Job Location: Oakland; San Ramon

Department Overview

The Corporate Security Department (CSD) is part of the Enterprise Protection Organization within PG&E. Our mission is to protect the people, assets and facilities of PG&E. The department includes physical security, security asset and technology management, risk and strategy, security operations center, critical infrastructure protection and compliance, investigations, emergency response and executive protection teams. Given the criticality of the infrastructure and facilities, PG&E has several compliance obligations at the federal, regional, and state level. We work together internally and in concert with each functional area and supporting partners to provide security, based on identified risks and compliance requirements. The Risk and Strategy team aligns current and future risks within the Enterprise Risk Register to build and maintain our risk profile and align to financial strategy.

Position Summary

The Risk and Strategy team is looking for Risk Consultant. This position will ensure CSD has a fully Integrated risk model with a standalone risk that aligns with the Enterprise risk program. The successful candidate will hold primary responsibility and accountability to build, maintain and test CSD’s risk model.

This role works in partnership with stakeholders such Enterprise Risk experts and leaders, compliance experts, portfolio managers, and other associated operations, and functional areas. The risk consultant ensures the corporate security risk is represented at the correct level.  

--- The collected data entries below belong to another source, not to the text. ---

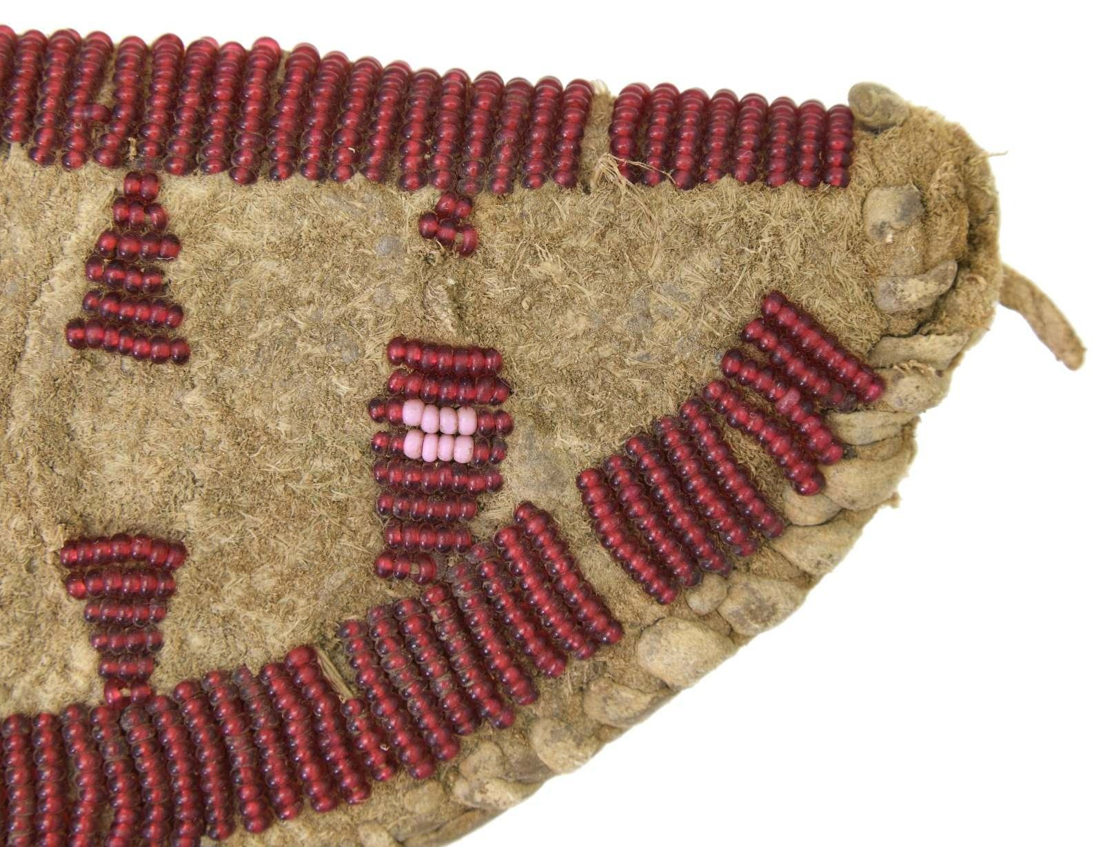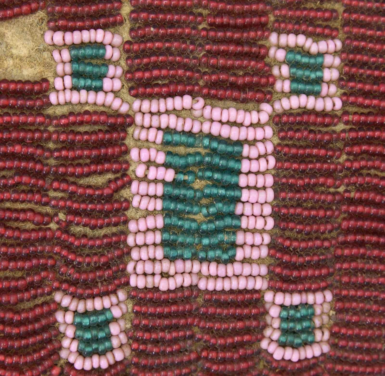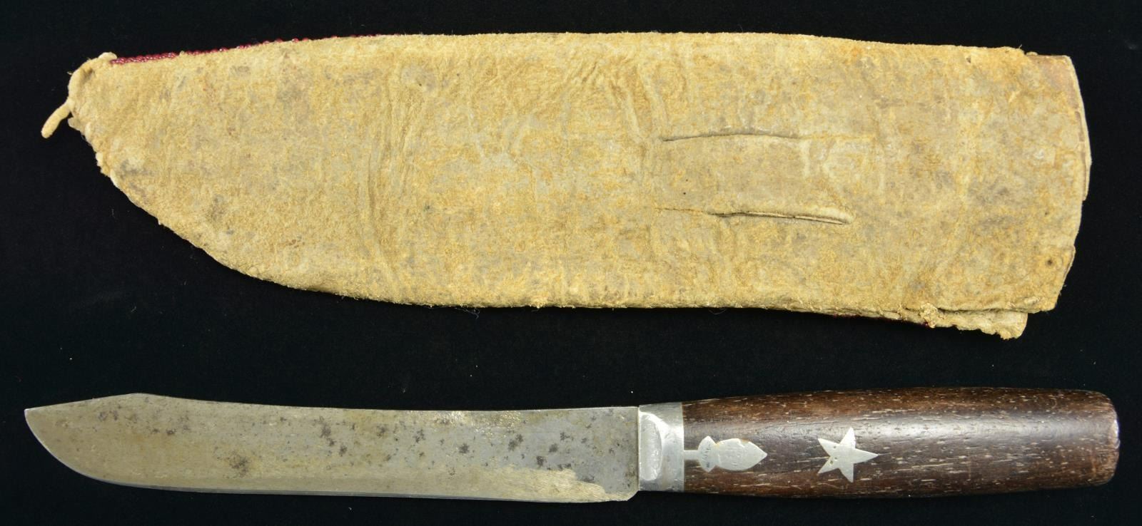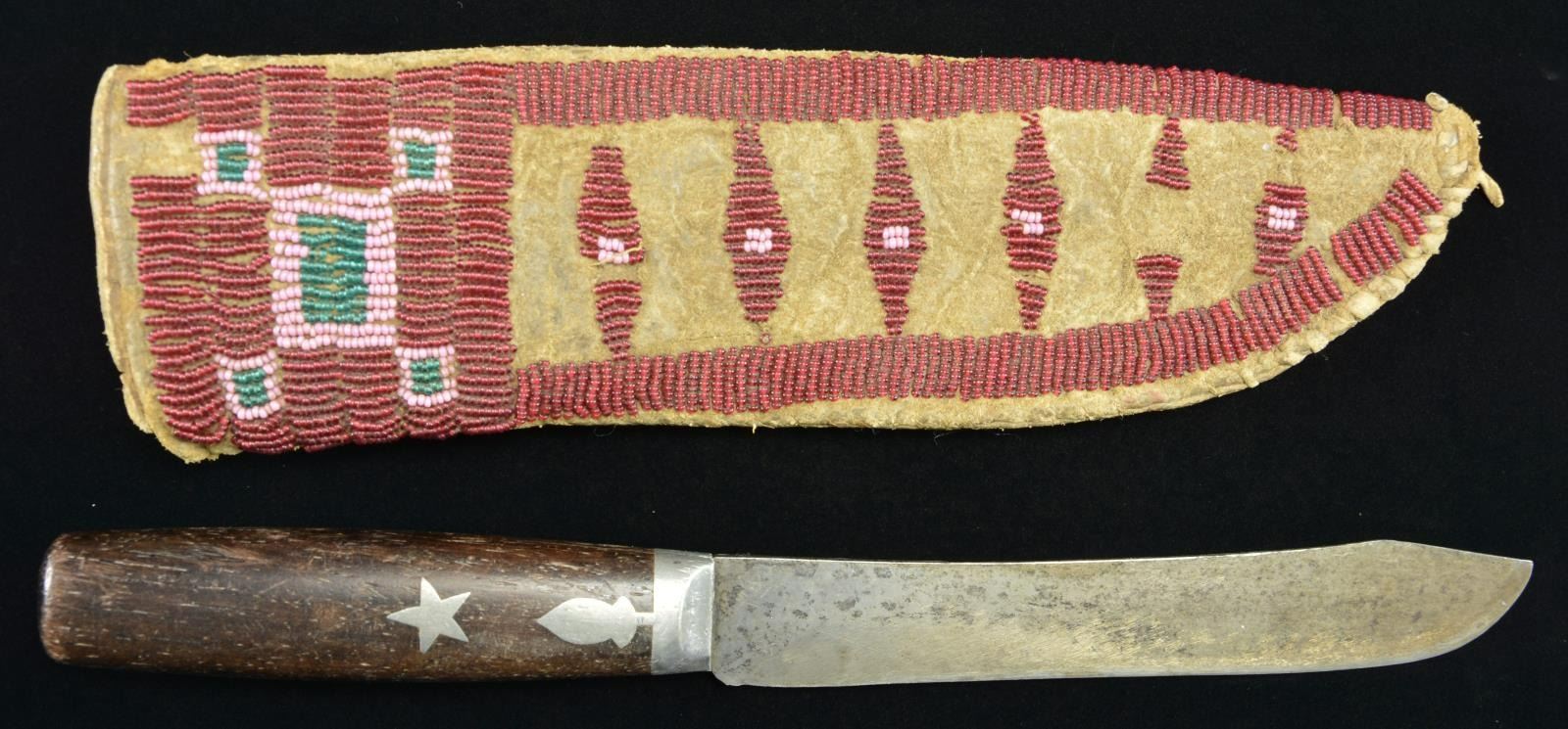 9.25" x 2.75", sinew sewn, full coverage with pink & green beads on red ground. Pewter mounted hunter/skinner knife 10.5" overall, 6.5" unmarked blade, inset pewter star in wood grip. This knife & sheath from the Floyd Ritter collection is pictured on page 3 of John Baldwin's 1997 text "EARLY KNIVES & BEADED SCABBARDS OF THE AMERICAN FRONTIER". CONDITION: very good overall, small loss of beads, old sharpening to blade. PROVENANCE: From the Lifelong Collection of Glen E. Mattox. (02-18351/JS). $600-800.
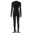 Cardigan Double Open Long-sleeve Zipper Top And Trousers Casual Suit Black L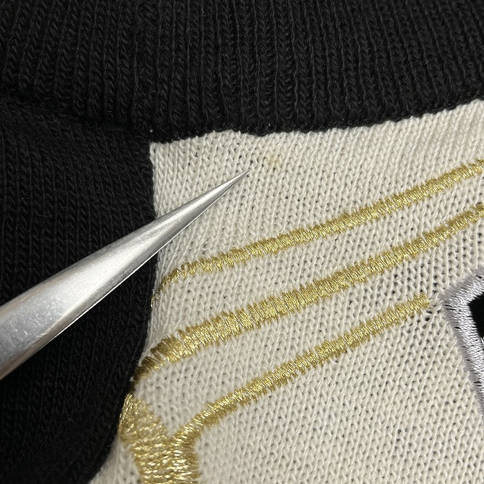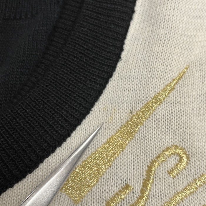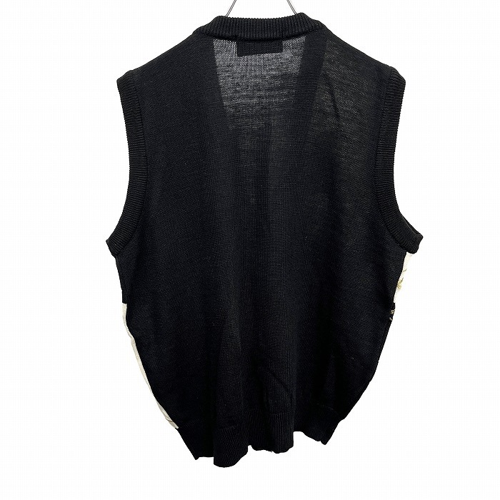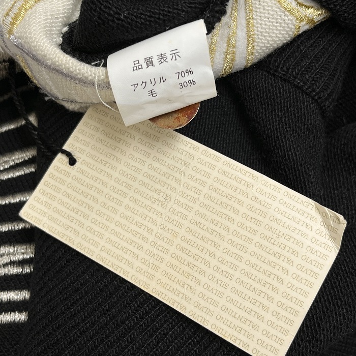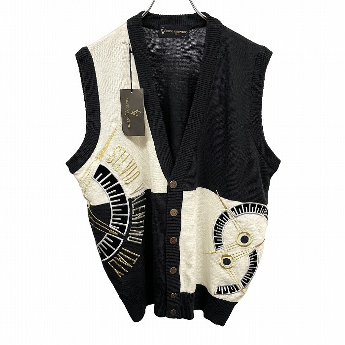 商品タイトル | 【新品/訳アリ】SILVIO VALENTINO ITALY ニット ベスト 刺繍 ロゴ アクリル×毛 L ブラック 黒×オフホワイト×ラメゴールド メンズ |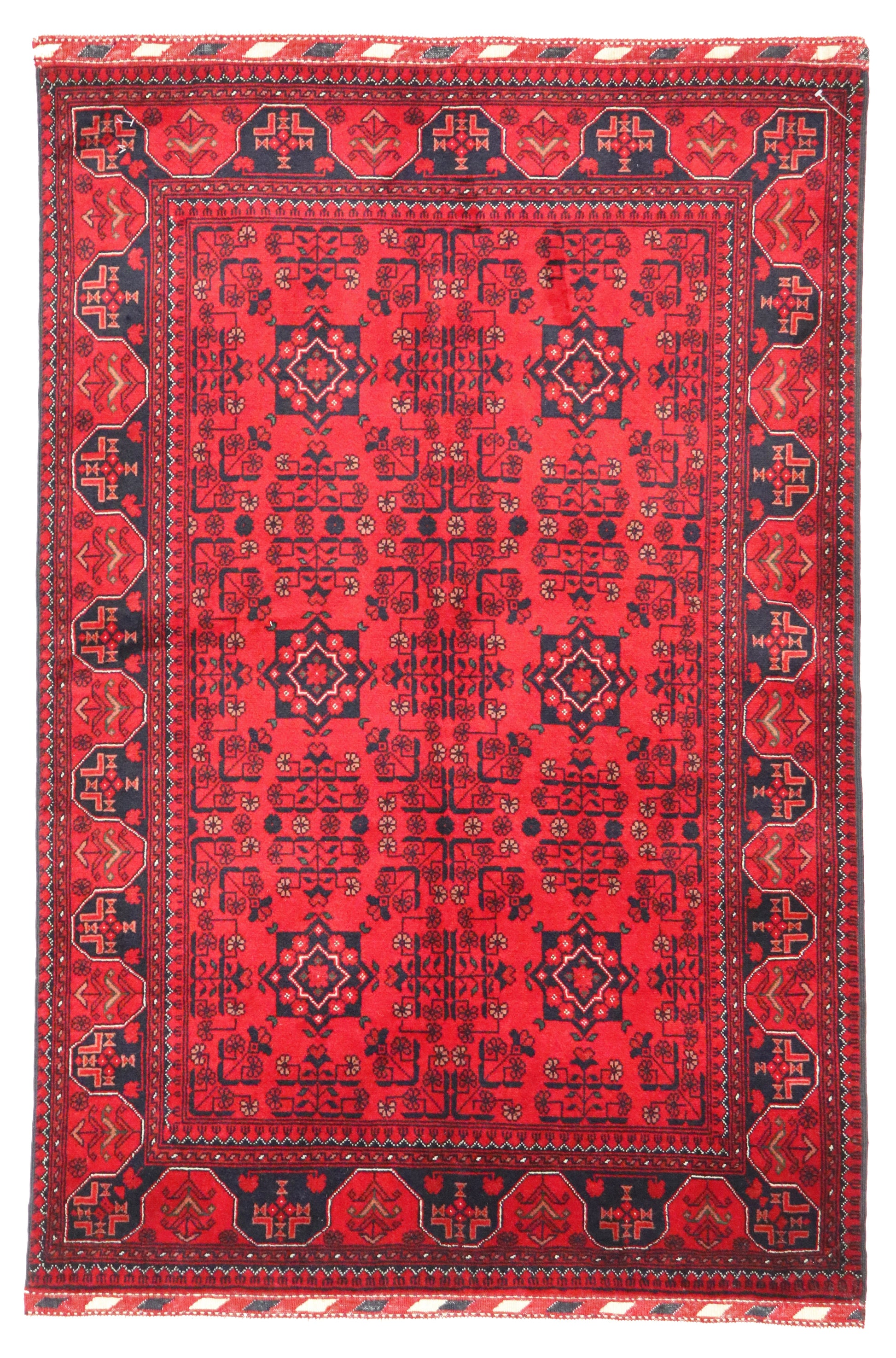 Introducing our exquisite Turkaman rug from Afghanistan, boasting a stunning all-over design in vibrant shades of Rose, Black, White. This rectangular masterpiece measures 3.6x4.10 feet, with a thickness of 1/4 inch, offering a luxurious and comfortable feel underfoot. Crafted from high-quality wool, this rug is not only visually captivating but also durable and long-lasting. With a width of 3.6 feet and a length of 4.10 feet, it covers an impressive area, making it suitable for various spaces. Elevate your home's decor with this remarkable pile rug, showcasing the rich cultural heritage of Afghanistan.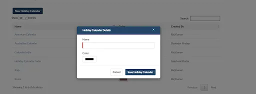 6. On clicking the “Save Holiday Calendar” button the calendar will be saved.
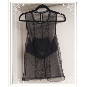 EXPRESS Black Ruffled Neck See Through Lace Sleeveless Top w/Built in Bra Sz L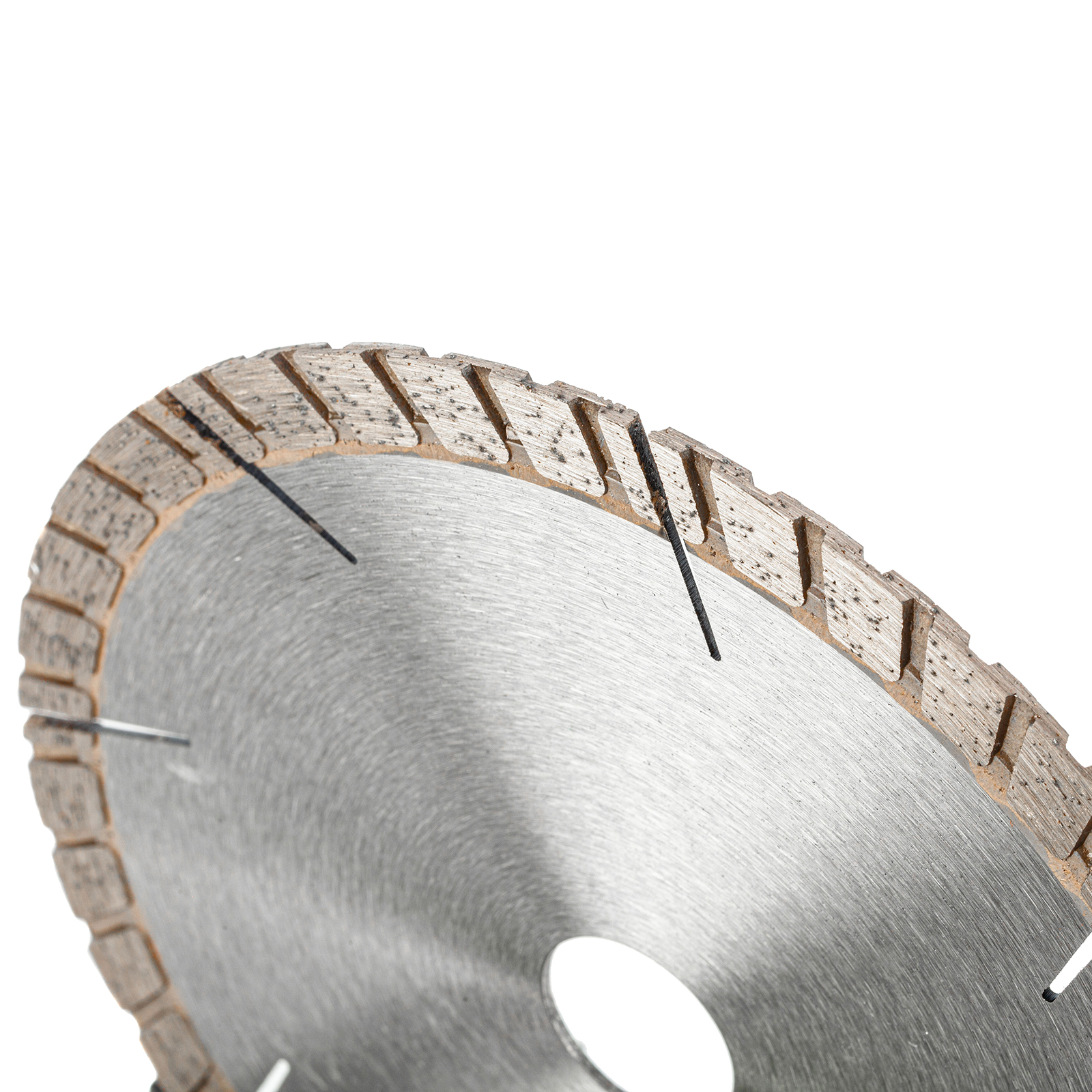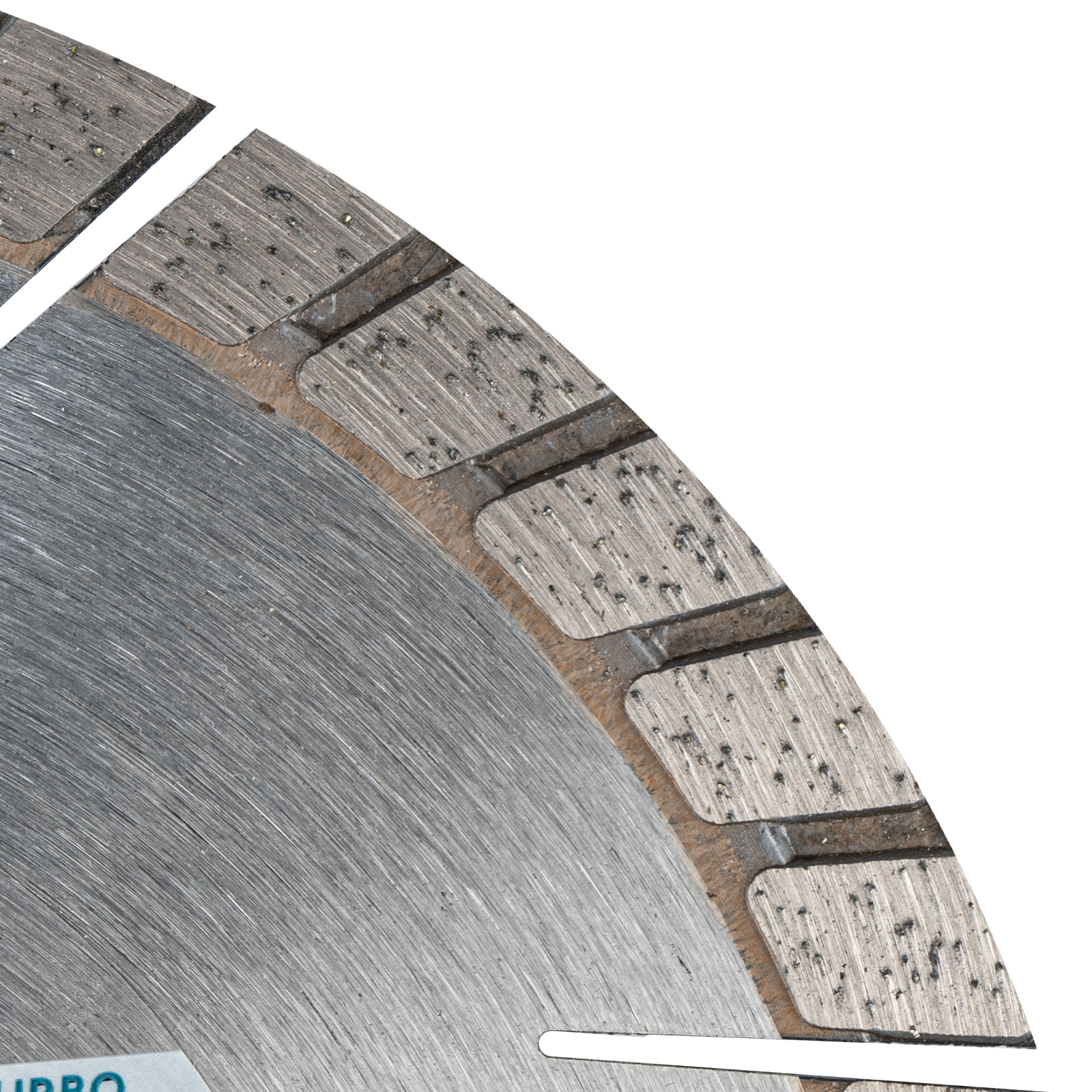 - Эффективная работа — благодаря турбо-сегментной форме диск быстро режет материалы, в т.ч. армированный бетон, водяное охлаждение не требуется.

Risk Consultants have accountability and responsibility for focus areas that are of complex scope and with significant risk and high impact across multiple functions. They work autonomously and collaboratively as needed. They address complex problems that span functions and may manage projects or initiatives that are high complexity and risk. This position will work collaboratively with both technical and non-technical staff to understand driver and consequences of risk, collect modeling data, and provide guidance, coaching and mentoring to increase understanding of the risk model and how it can be used. They generally work with Senior Management to influence strategies and decisions.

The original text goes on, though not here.